→ Action item: Pictures must be dropped from the copy of the entries below; all else is returned exactly.

(Data extracted from a collection)
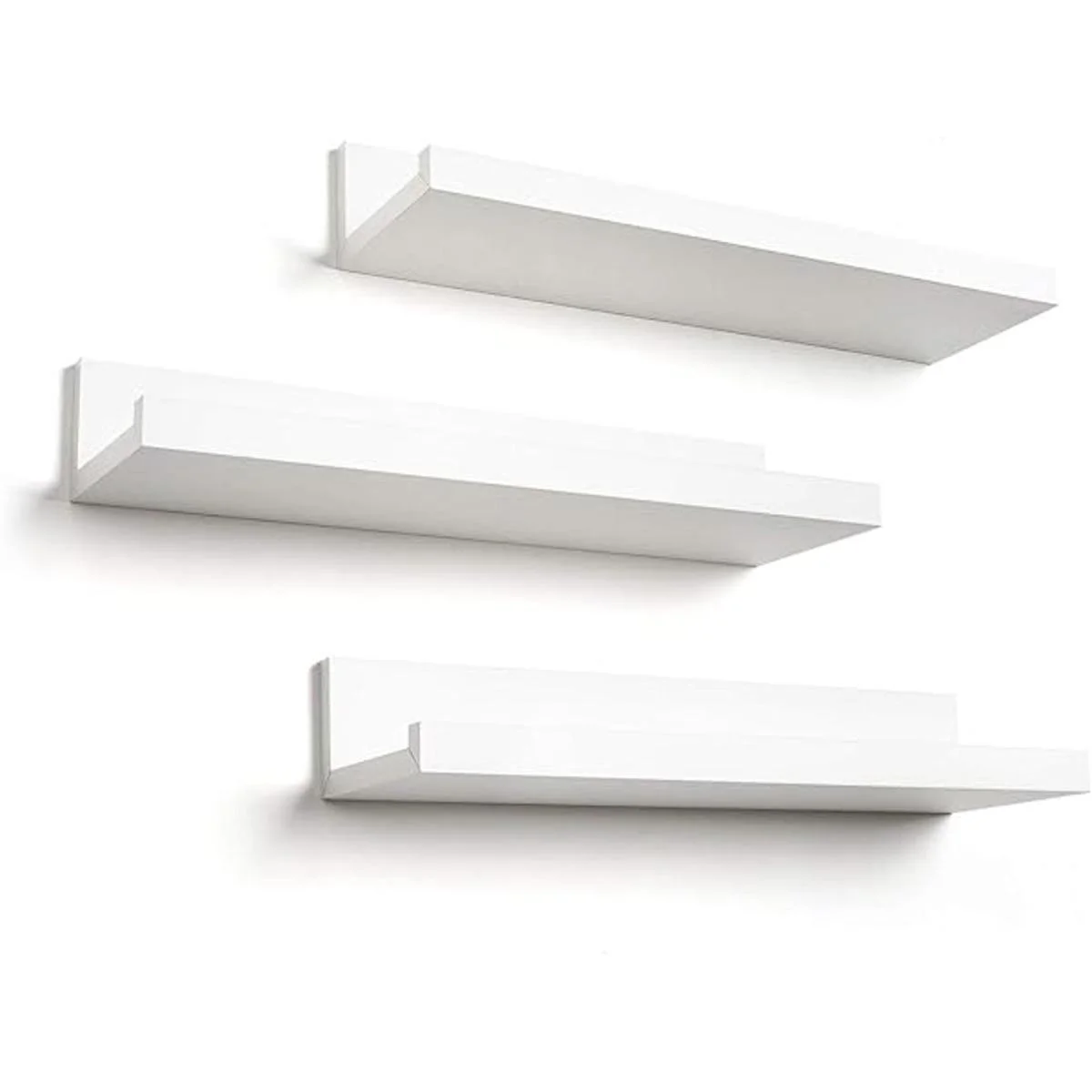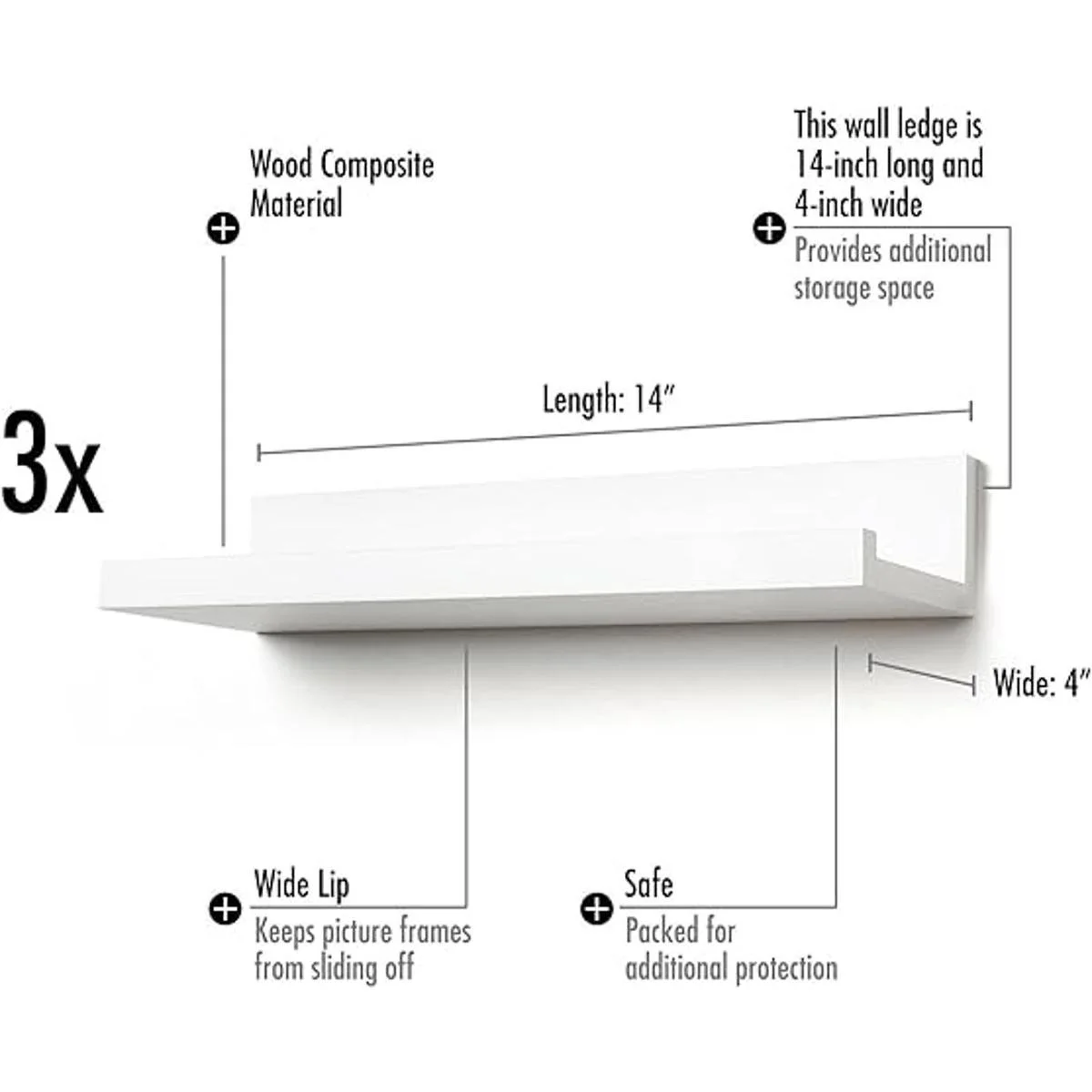 Americanflat Juego de 3 estantes flotantes de 14 pulgadas de madera compuesta blanca, estantes de almacenamiento montados en la pared para dormitorio, sala de estar, baño, cocina, oficina y más, 14 pulgadas paquete de 3
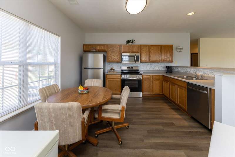 Welcome to this light, bright and low maintenance condo in Plainfield! Jump on this opportunity to earn equity with a 2 bedroom/2 bath/2 car garage home. The kitchen backsplash sparkles and is offset by the new appliances and luxury vinyl plank flooring in the great room and kitchen! Imagine yourself coming home after a long day without having to worry about yard work. Relax in the spacious and open great room and kitchen with plenty of room for entertaining. Go for a bike ride or take a dip in the community pool across the street on hot days! Watch sunsets on the balcony or grab a friend or a pet and take a stroll on the sidewalks or trails of Plainfield's amazing trail system. Visit the local shops and restaurants of Plainfield or make the short trip to Indy for even more fun! Live your best life now and enjoy a transferable Seller's home warranty for peace of mind on your new home!
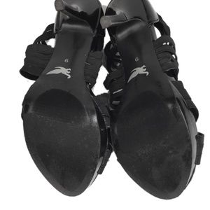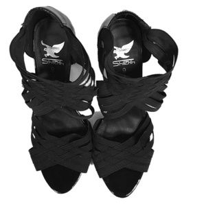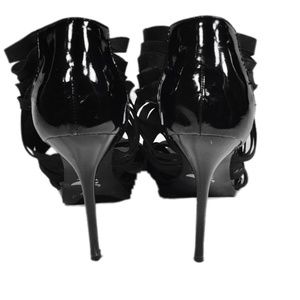 Eye Catching, Classy Black Elastic Strapped and Patten Stiletto 4 inch Heel. Open toe with multiple tightly secure elastic straps, patten cup heel and insole. Gently worn. Perfect with your "Little Black Dress".
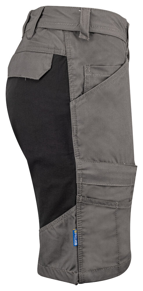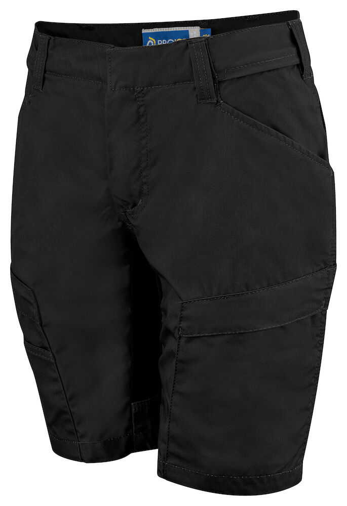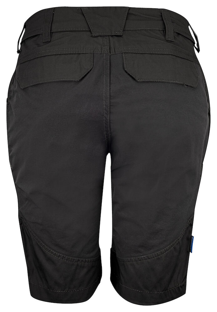 Shortsit hyvällä joustavuudella. Joustavaa kangasta takapuolessa ja haaroissa. Vetoketjulliset reisitaskut, vasemmalla puolella puhelintasku ja oikeassa sivutaskussa sisälenkki henkilökorttia varten. Takana leveämpi vyölenkki, joka estää vyön painamisen. Takataskut, joissa läppä ja tarrakiinnitys. Paikat riipputaskuille (tuotenro 9042). Edessä piilonappi.
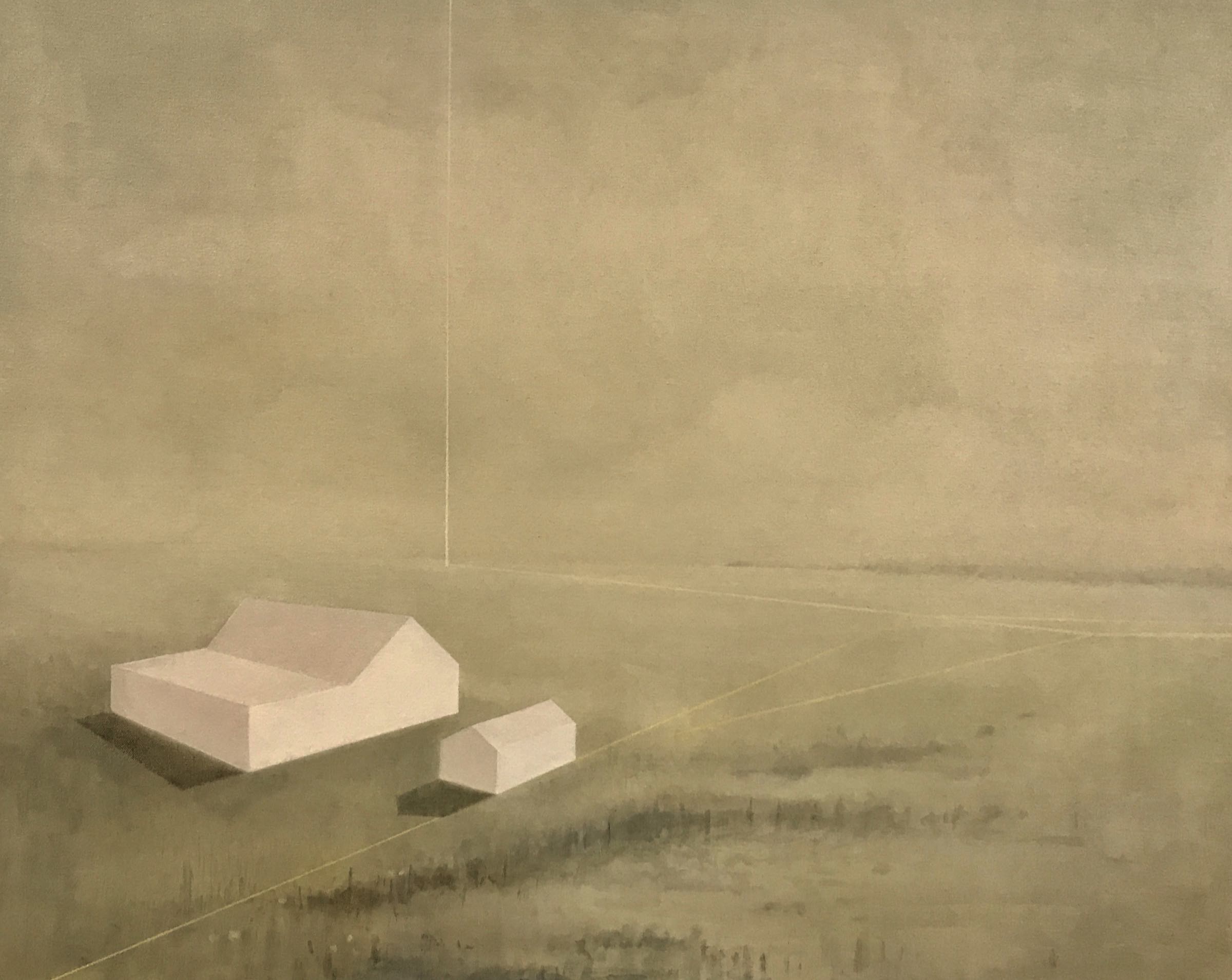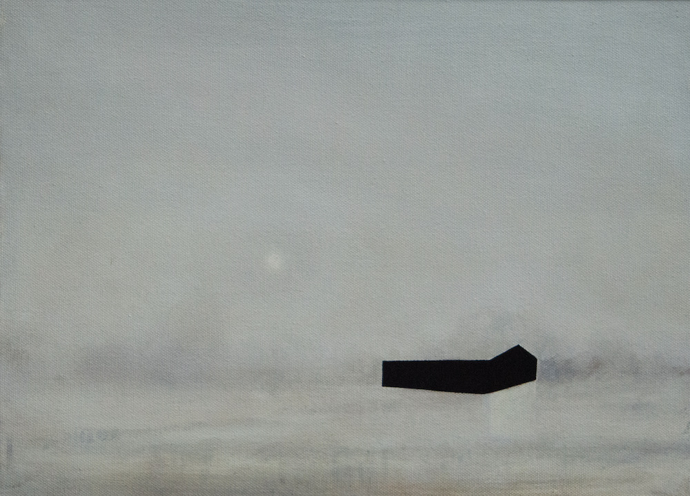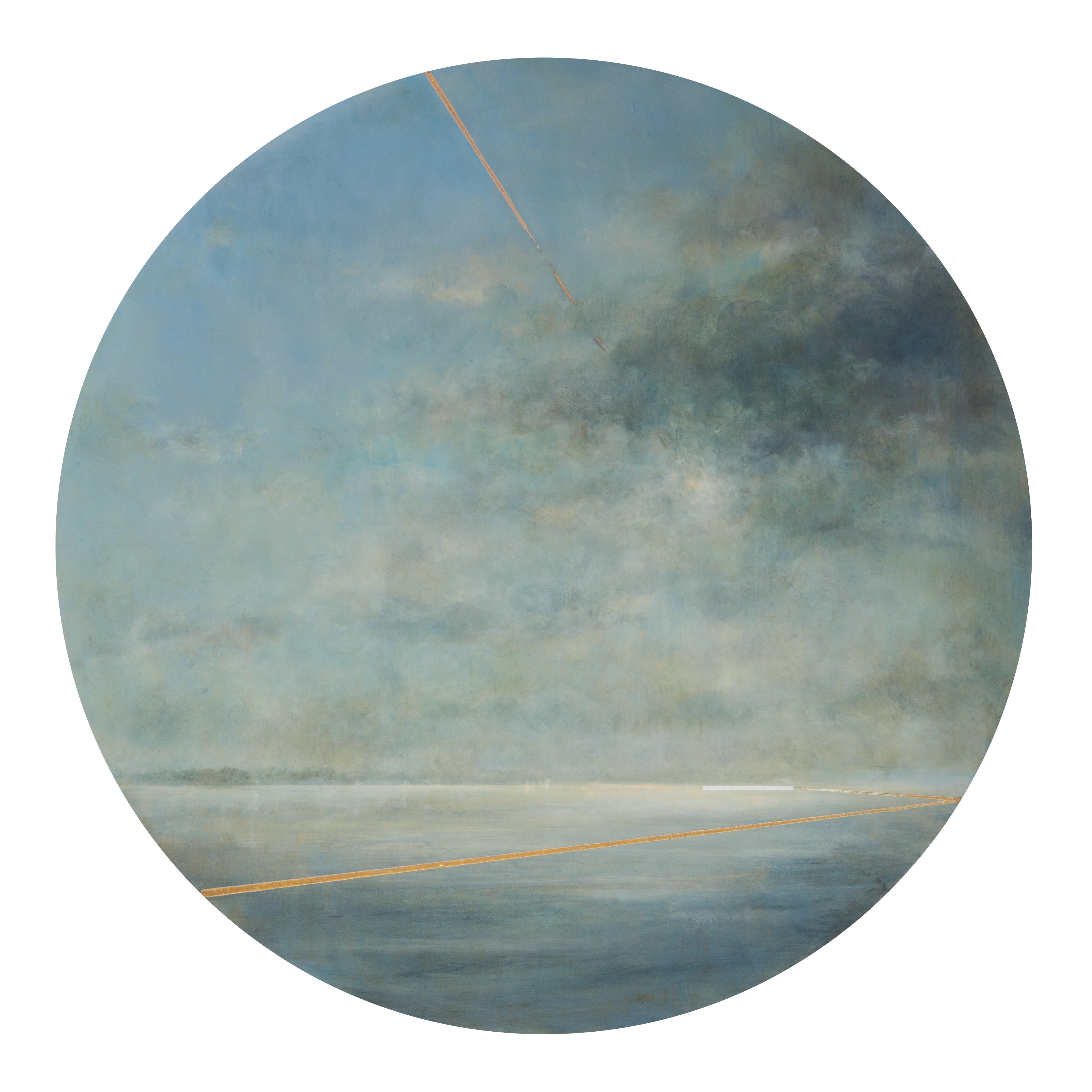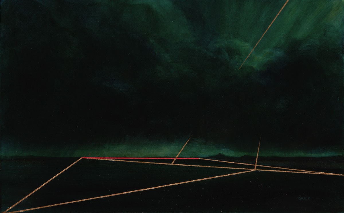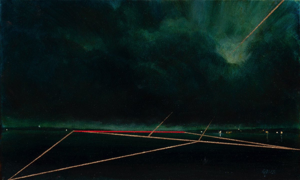 On closer viewing I create a disturbance and gentle provocation with the addition of incongruous graphic forms. These forms can take the shape of golden lines, scarlet tee sections and quadrilaterals. The geometric shapes within the paintings are used as a device that not only creates a visual dissonance but asks questions of the viewer.

→ Exercise solution:
 Americanflat Juego de 3 estantes flotantes de 14 pulgadas de madera compuesta blanca, estantes de almacenamiento montados en la pared para dormitorio, sala de estar, baño, cocina, oficina y más, 14 pulgadas paquete de 3
 Welcome to this light, bright and low maintenance condo in Plainfield! Jump on this opportunity to earn equity with a 2 bedroom/2 bath/2 car garage home. The kitchen backsplash sparkles and is offset by the new appliances and luxury vinyl plank flooring in the great room and kitchen! Imagine yourself coming home after a long day without having to worry about yard work. Relax in the spacious and open great room and kitchen with plenty of room for entertaining. Go for a bike ride or take a dip in the community pool across the street on hot days! Watch sunsets on the balcony or grab a friend or a pet and take a stroll on the sidewalks or trails of Plainfield's amazing trail system. Visit the local shops and restaurants of Plainfield or make the short trip to Indy for even more fun! Live your best life now and enjoy a transferable Seller's home warranty for peace of mind on your new home!
 Eye Catching, Classy Black Elastic Strapped and Patten Stiletto 4 inch Heel. Open toe with multiple tightly secure elastic straps, patten cup heel and insole. Gently worn. Perfect with your "Little Black Dress".
 Shortsit hyvällä joustavuudella. Joustavaa kangasta takapuolessa ja haaroissa. Vetoketjulliset reisitaskut, vasemmalla puolella puhelintasku ja oikeassa sivutaskussa sisälenkki henkilökorttia varten. Takana leveämpi vyölenkki, joka estää vyön painamisen. Takataskut, joissa läppä ja tarrakiinnitys. Paikat riipputaskuille (tuotenro 9042). Edessä piilonappi.
 On closer viewing I create a disturbance and gentle provocation with the addition of incongruous graphic forms. These forms can take the shape of golden lines, scarlet tee sections and quadrilaterals. The geometric shapes within the paintings are used as a device that not only creates a visual dissonance but asks questions of the viewer.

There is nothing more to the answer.